Instructions to follow
Leaving the images behind, copy every line of the records exactly.

(Data excerpts)

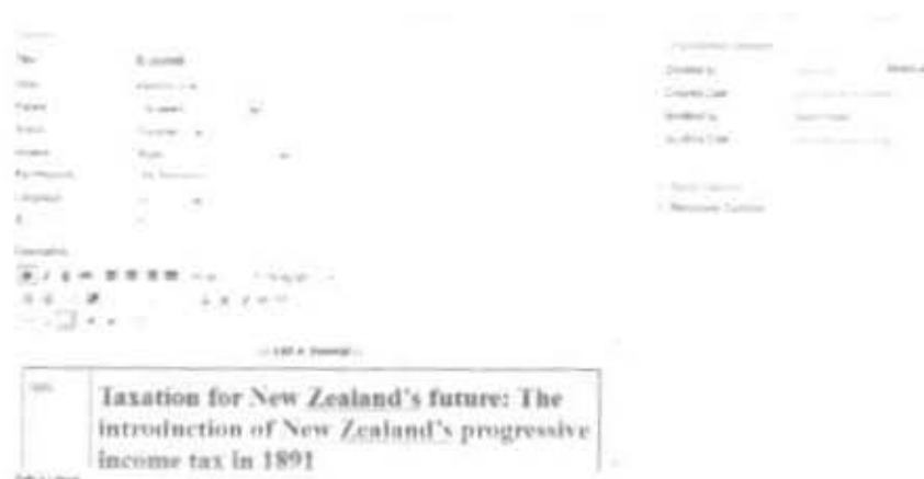
Gambar 2.38 Tampilan entry data E- Journal pada Web
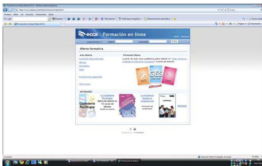
Figura 3 – Página da Radio ECCA

De acordo com os dados estatísticos disponibilizados no do site da rádio de 2002 a 2007, foram 2.215.906 alunos de várias nacionalidades receberam formação pelo Sistema Rádio Ecça de ensino ( www.radioecca.org ).
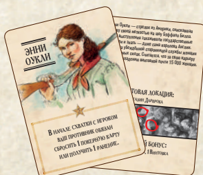
12 карт персонажей
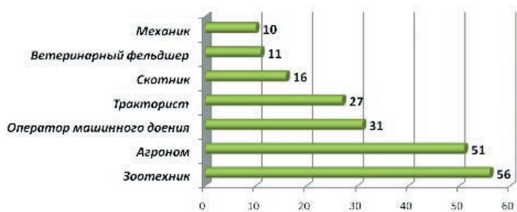
Рисунок 2. Наиболее востребованные вакансии агропромышленного профиля (по данным Департамента по труду и занятости населения Свердловской области, сайм: www.szn-ural.ru )

Для качественного анализа процессов развития занятости в АПК и составления прогнозных показателей полезно провести систематизированную оценку рынка труда региона. Оценку существующей ситуации и выявление тенденций на рынке труда АПК (по профессиям и специальностям) мы вынуждены делать с опорой на анализ вторичных документов Департамента по труду и занятости населения Свердловской области и Министерства агропромышленного комплекса и продовольствия Свердловской области, так как другие источники информации отсутствуют. Этот процесс требует государственного регулирования, в том числе разработки прогноза потребностей рынка труда, который позволил бы в целом урегулировать отношения между сферой образования и рынком труда.
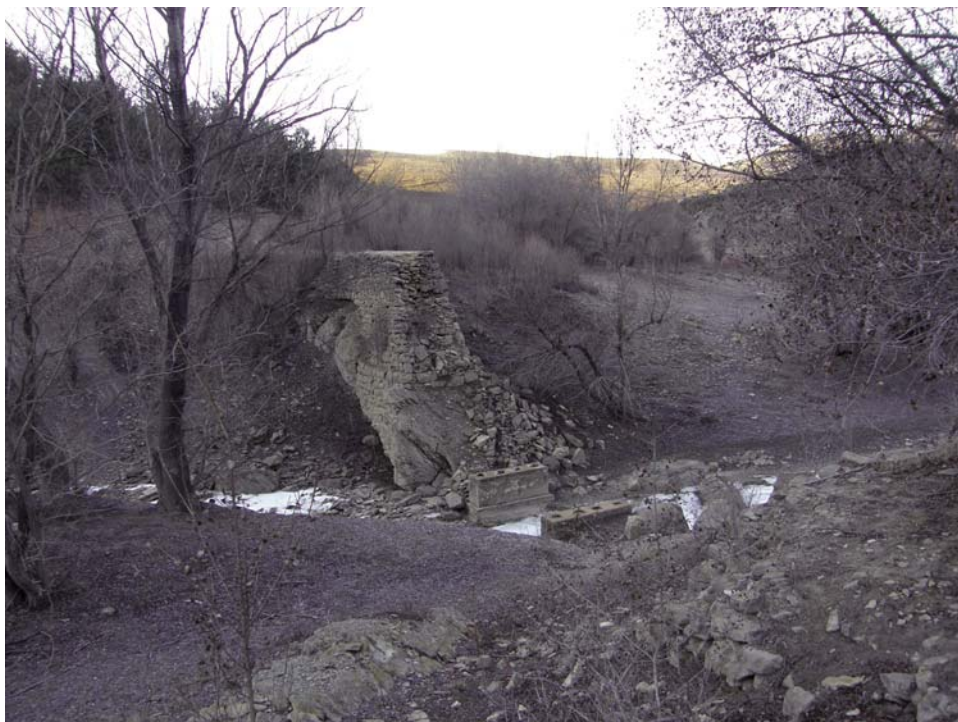
Fig. 7. Puente para vagonetes desde la cantera en Santa María de Belsué. Febrero de 2012.
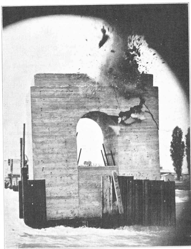
Fig. 6. — Démolition de la pile provisoire III av.

Ensuite on put plus tranquillement examiner les conséquences de cet accident. C'est d'ailleurs à la même époque que l'on dut tenir compte des nouvelles exigences des navigateurs et remanier le programme d'exécution suivi jusque-là. Le programme modifié ne nécessitait plus
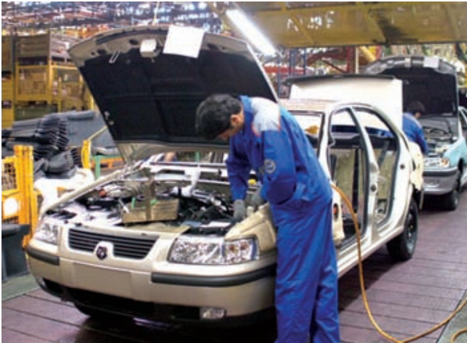
شکل ۲۶-۵- تولید اتومبیل در کارخانه ایران خودرو
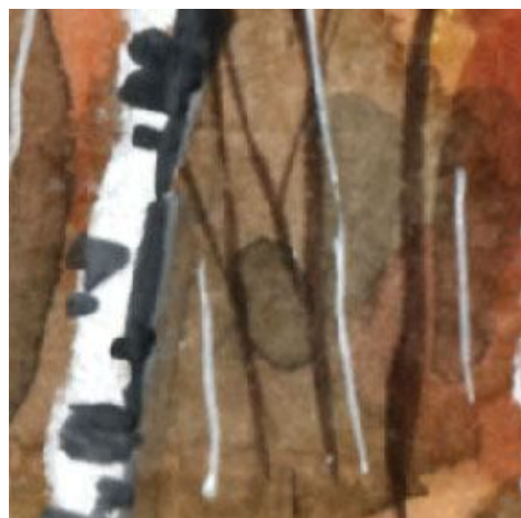
4、森の奥は非常に暗くしました これは一部明るくしてもよかったと思いました
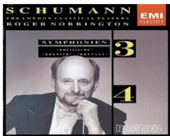
Fig. 2.- Edición de EMI de la Tercera Sinfonía de R. Schumann

Tal vez el aspecto poético de la obra de Schumann, muy especialmente en la Tercera Sinfonía a la que hemos aludido, se encuentre en la vertiente romántica que tan bien lo define. Un romanticismo, muchas veces exasperado, que inunda no sólo su ser, enfermizo y frágil, sino también su inteligencia desbocada. Una poeticidad vinculada, generalmente, con su frecuente incursión en el mundo de la poesía, y que se enhebra con frecuencia en el ámbito poético 10 .
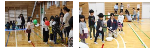
《風船運び》 《ボードボール》

11月10日(土)に「こどもまつり」が体育館で行われました。今年は、9つのゲームコーナーがあり、それぞれの課題をクリアするごとに景品をもらえました。保護者会の皆さんにゲームの担当をしていただき、楽しい時間を過ごすことができました。普段センターを利用していない子どもたちも来て、他の子供たちと仲良く取り組むことができたことはとてもよかったです。
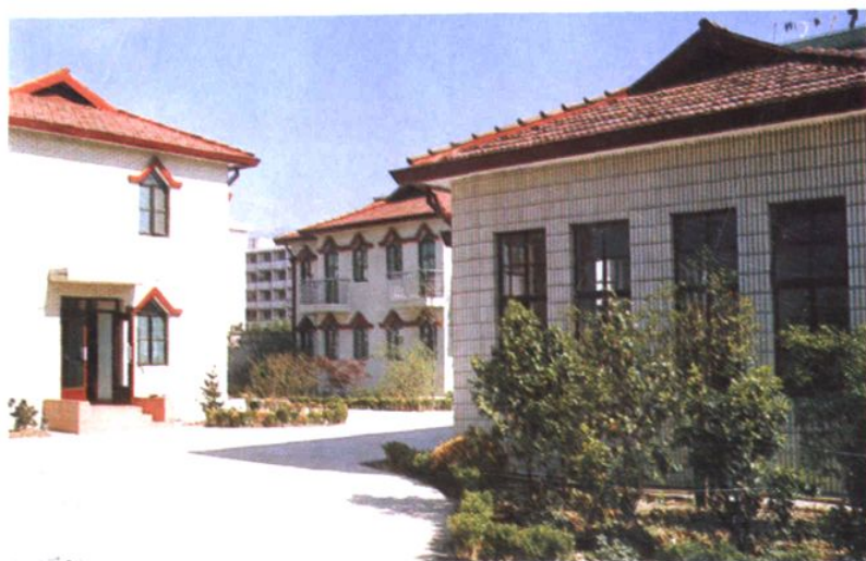
1993年10月23日桃浦敬老院新址落成
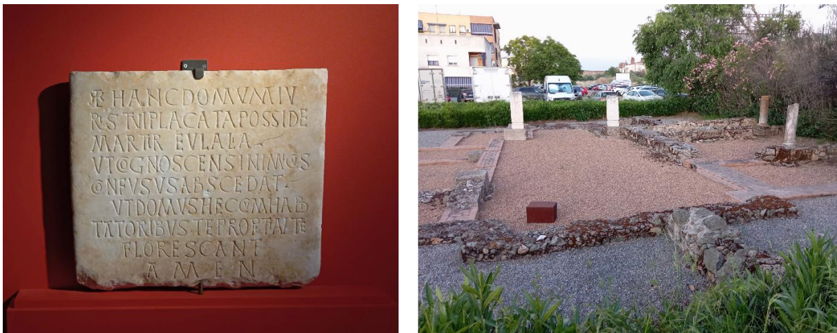
Abbildungen 8 und 9: Links die Inschrift (7. Jh., CE00489) aus dem Museo Nacional de Arte Romano, die auf ein mögliches Kloster an der Santa Eulalia verweist: + HANC DOMVM IV/RIS TVI PLACATA POSSIDE/ MARTIR EVLALIA/ UT COGNOSCENS INIMICVS/ CONFUSVS ABSCEDAT/VT DOMVS HEC CVM HABITATORIBVS TE PROPITIANTE/ FLORESCANT/ AMEN; rechts das Xenodochium des Masona (siehe: VSPE 5, 3.) (?).
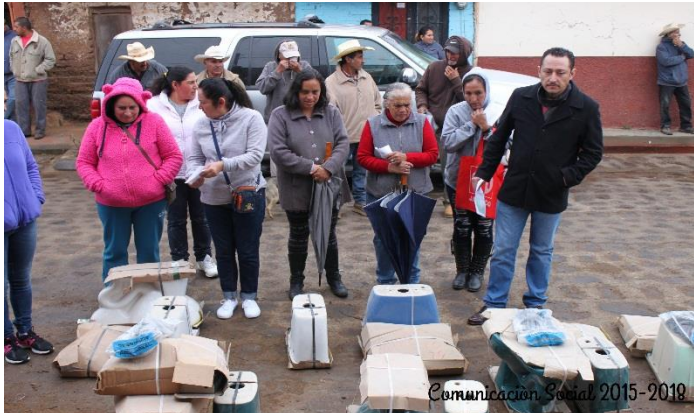
Comunicación Social 2015-2018

En Concepción de Buenos solicitaron ampliar la demanda del programa de transporte para estudiantes e incorporar el programa de apoyo en Transporte Multimodal para que más alumnos lleguen de una forma más ágil a sus centros educativos.

Answer for the task
Gambar 2.38 Tampilan entry data E- Journal pada Web
Figura 3 – Página da Radio ECCA

De acordo com os dados estatísticos disponibilizados no do site da rádio de 2002 a 2007, foram 2.215.906 alunos de várias nacionalidades receberam formação pelo Sistema Rádio Ecça de ensino ( www.radioecca.org ).
12 карт персонажей
Рисунок 2. Наиболее востребованные вакансии агропромышленного профиля (по данным Департамента по труду и занятости населения Свердловской области, сайм: www.szn-ural.ru )

Для качественного анализа процессов развития занятости в АПК и составления прогнозных показателей полезно провести систематизированную оценку рынка труда региона. Оценку существующей ситуации и выявление тенденций на рынке труда АПК (по профессиям и специальностям) мы вынуждены делать с опорой на анализ вторичных документов Департамента по труду и занятости населения Свердловской области и Министерства агропромышленного комплекса и продовольствия Свердловской области, так как другие источники информации отсутствуют. Этот процесс требует государственного регулирования, в том числе разработки прогноза потребностей рынка труда, который позволил бы в целом урегулировать отношения между сферой образования и рынком труда.
Fig. 7. Puente para vagonetes desde la cantera en Santa María de Belsué. Febrero de 2012.
Fig. 6. — Démolition de la pile provisoire III av.

Ensuite on put plus tranquillement examiner les conséquences de cet accident. C'est d'ailleurs à la même époque que l'on dut tenir compte des nouvelles exigences des navigateurs et remanier le programme d'exécution suivi jusque-là. Le programme modifié ne nécessitait plus
شکل ۲۶-۵- تولید اتومبیل در کارخانه ایران خودرو
4、森の奥は非常に暗くしました これは一部明るくしてもよかったと思いました
Fig. 2.- Edición de EMI de la Tercera Sinfonía de R. Schumann

Tal vez el aspecto poético de la obra de Schumann, muy especialmente en la Tercera Sinfonía a la que hemos aludido, se encuentre en la vertiente romántica que tan bien lo define. Un romanticismo, muchas veces exasperado, que inunda no sólo su ser, enfermizo y frágil, sino también su inteligencia desbocada. Una poeticidad vinculada, generalmente, con su frecuente incursión en el mundo de la poesía, y que se enhebra con frecuencia en el ámbito poético 10 .
《風船運び》 《ボードボール》

11月10日(土)に「こどもまつり」が体育館で行われました。今年は、9つのゲームコーナーがあり、それぞれの課題をクリアするごとに景品をもらえました。保護者会の皆さんにゲームの担当をしていただき、楽しい時間を過ごすことができました。普段センターを利用していない子どもたちも来て、他の子供たちと仲良く取り組むことができたことはとてもよかったです。
1993年10月23日桃浦敬老院新址落成
Abbildungen 8 und 9: Links die Inschrift (7. Jh., CE00489) aus dem Museo Nacional de Arte Romano, die auf ein mögliches Kloster an der Santa Eulalia verweist: + HANC DOMVM IV/RIS TVI PLACATA POSSIDE/ MARTIR EVLALIA/ UT COGNOSCENS INIMICVS/ CONFUSVS ABSCEDAT/VT DOMVS HEC CVM HABITATORIBVS TE PROPITIANTE/ FLORESCANT/ AMEN; rechts das Xenodochium des Masona (siehe: VSPE 5, 3.) (?).
Comunicación Social 2015-2018

En Concepción de Buenos solicitaron ampliar la demanda del programa de transporte para estudiantes e incorporar el programa de apoyo en Transporte Multimodal para que más alumnos lleguen de una forma más ágil a sus centros educativos.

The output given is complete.